ECLI:NL:CRVB:2007:BA5332
Centrale Raad van Beroep
- Hoger beroep
- Rechtspraak.nl
Afwijzing aanvraag bijzondere bijstand voor kosten vloerbedekking, verf en gordijnen
In deze zaak gaat het om de afwijzing van een aanvraag voor bijzondere bijstand door appellante, die op 4 maart 2004 verhuisde naar een grotere woning in Amsterdam. Op 16 maart 2004 diende zij een aanvraag in voor bijzondere bijstand ter dekking van de kosten voor vloerbedekking, verf en gordijnen, welke kosten reeds door haar tante waren voorgeschoten. Het College van burgemeester en wethouders van de gemeente Amsterdam wees de aanvraag af op 19 april 2004, en verklaarde het bezwaar ongegrond op 16 september 2004. De rechtbank Amsterdam bevestigde deze afwijzing in haar uitspraak van 20 februari 2006, waartegen appellante in hoger beroep ging.
De Centrale Raad van Beroep heeft op 24 april 2007 uitspraak gedaan in deze zaak. De Raad overwoog dat de aanvraag van appellante materieel gezien niet voldeed aan de voorwaarden voor bijzondere bijstand, omdat zij op het moment van aanvraag al over de middelen beschikte om in de kosten van de aanschaf te voorzien. De Raad verwees naar artikel 13, eerste lid, aanhef en onder f, van de Wet werk en bijstand (WWB), dat bepaalt dat iemand die bijstand vraagt voor het aflossen van een schuldenlast, geen recht heeft op bijstand als hij of zij over middelen beschikt om in de noodzakelijke kosten van het bestaan te voorzien.
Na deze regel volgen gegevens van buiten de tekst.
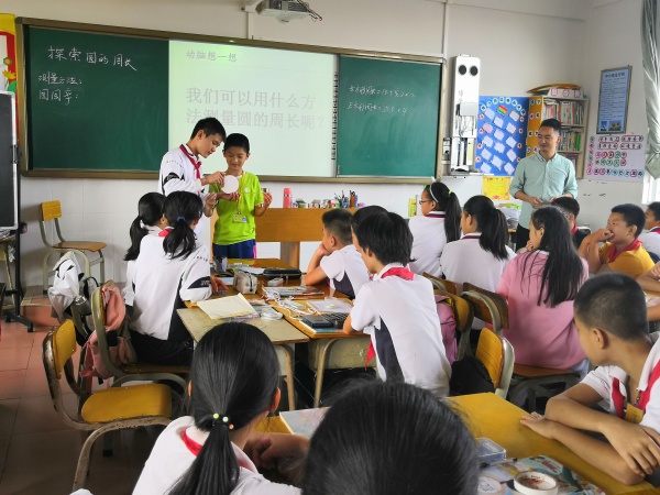 第三課由數(shù)學(xué)組兼職教研員胡誠老師帶來的一節(jié)趣味的《探索圓的周長》。胡老師通過活動——推導(dǎo)公式——應(yīng)用公式來貫穿整節(jié)課。胡老師注重引導(dǎo)學(xué)生動手實踐,在操作中理解知識,發(fā)展思維。胡老師通過讓學(xué)生觸摸圓的周長,引發(fā)了如何求圓的周長問題,再通過實際操作測量讓學(xué)生明白可以通過“化曲為直”的方法求圓的周長,最后通過小組合作探究圓的周長與直徑的關(guān)系,推導(dǎo)出公式。在匯報交流中,羅美園副主任指出胡老師這節(jié)課課抓住了知識點的形成,學(xué)習(xí)方式多樣化,讓學(xué)生體會了數(shù)學(xué)來源于生活,服務(wù)于生活。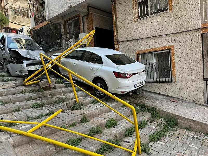 31 yaşındaki sürücünün kullandığı otomobil, çarptığı park halindeki başka bir araçla merdivenlere düştü.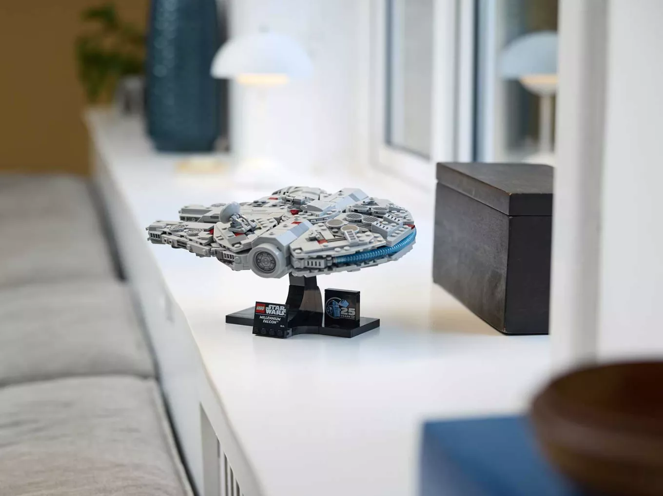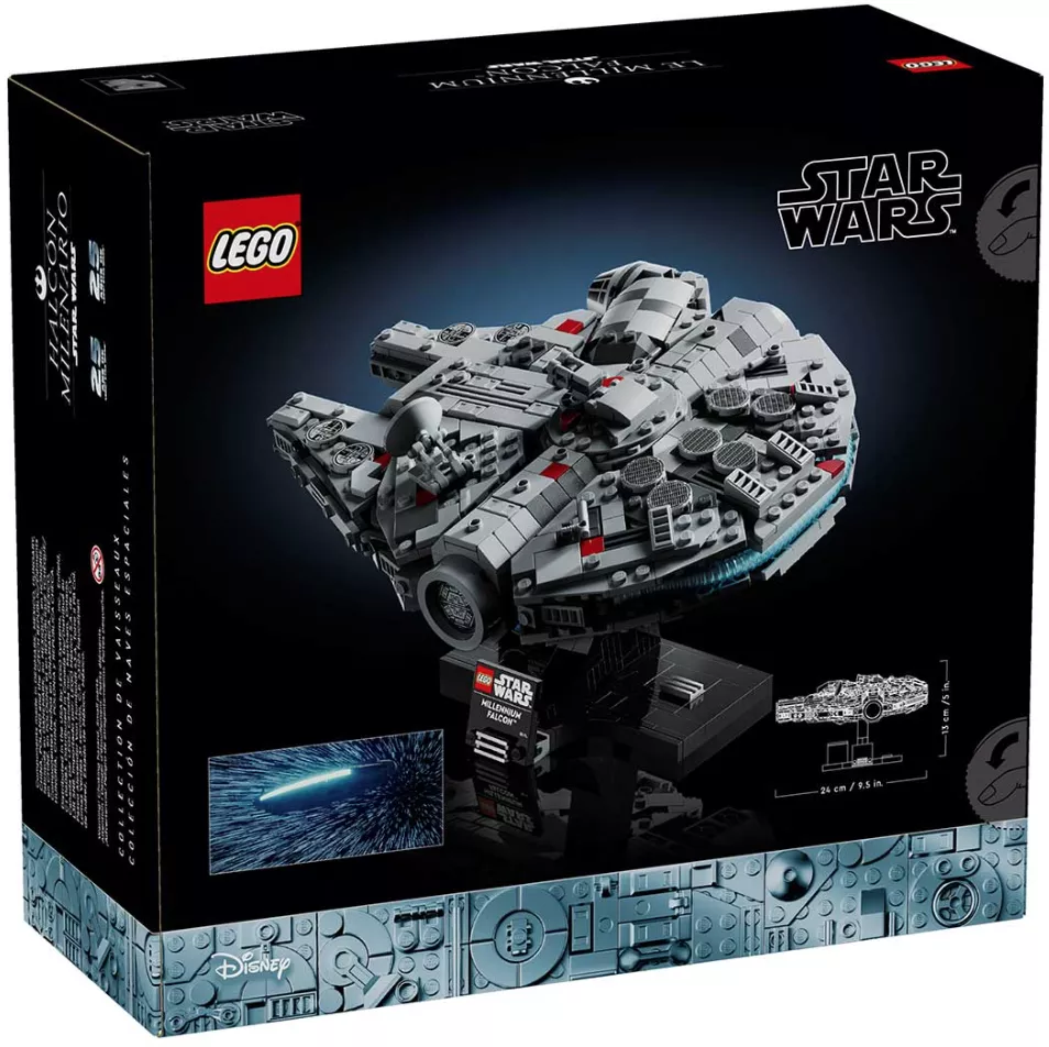 Набор LEGO 75375 «Тысячелетний сокол» — это коллекционный набор по мотивам «Звездных войн», выпущенный в 2024 году и содержащий 921 деталь. Это уменьшенная копия «Тысячелетнего сокола» из фильма «Звездные войны: Новая надежда». Модель включает в себя сборную подставку, которая позволяет расположить корабль под углом, имитирующим полет, и табличку с названием. В комплект также входит специальный кубик LEGO Star Wars, посвященный 25-летию серии (2024 год).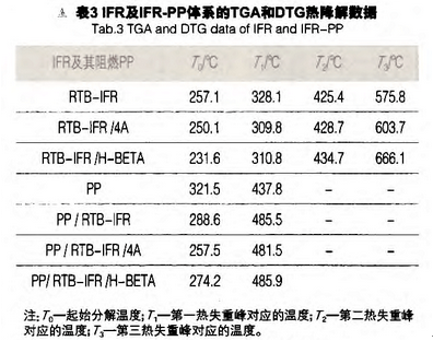RTB-IFR的加入提高了PP的热稳定性,降低了PP的热分解速率,从而降低了PP的易燃性。因为含IFR的PP在燃烧时,RTB-IFR通过酯化和交联反应,形成具有较高热稳定性的炭层,该炭层在PP表面形成一个屏障,阻止裂解产生的可燃性气体向火焰表面扩散,起到隔热、隔氧的作用。而在IFR中加入分子筛进一步增加了PP的热稳定性,降低了PP的热分解速率,残炭量提高,使膨胀炭层成为更好的屏障,减缓了基材与外界的热量交换,这正是分子筛使IFR-PP阻燃性能提高的直接原因。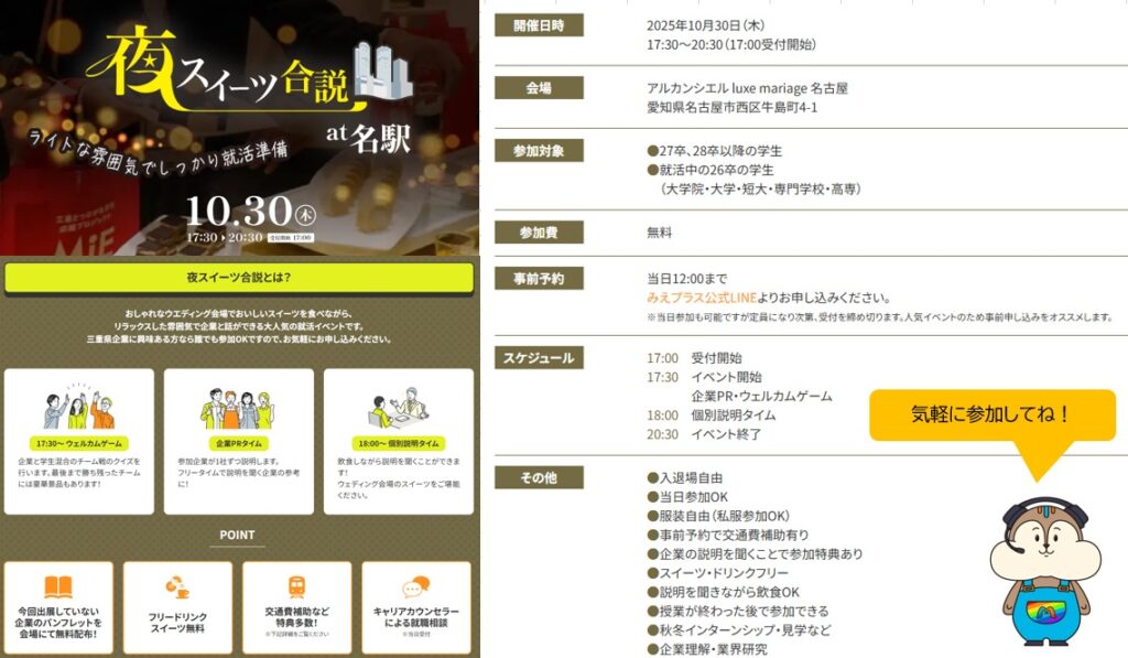 2025年10月20日(月)イベント 10月30日(木)夜スイーツ合説at名駅を開催! おしゃれなウェディング会場でおいしいスイーツを食べながら、 リラックスした雰囲気で企業と話ができる大人気の就活イベントです。 三重県企業に興味のある方なら誰でも参加OKですので、お気軽にお申し込みください。

De Raad concludeerde dat appellante niet had aangetoond dat er zeer dringende redenen waren voor het verlenen van bijzondere bijstand, zoals bedoeld in artikel 49, aanhef en onder b, van de WWB. De door appellante gestelde noodzaak om te verhuizen in verband met bedreiging door haar ex-partner was niet onderbouwd met objectieve gegevens. De Raad bevestigde de aangevallen uitspraak en wees de proceskostenveroordeling af.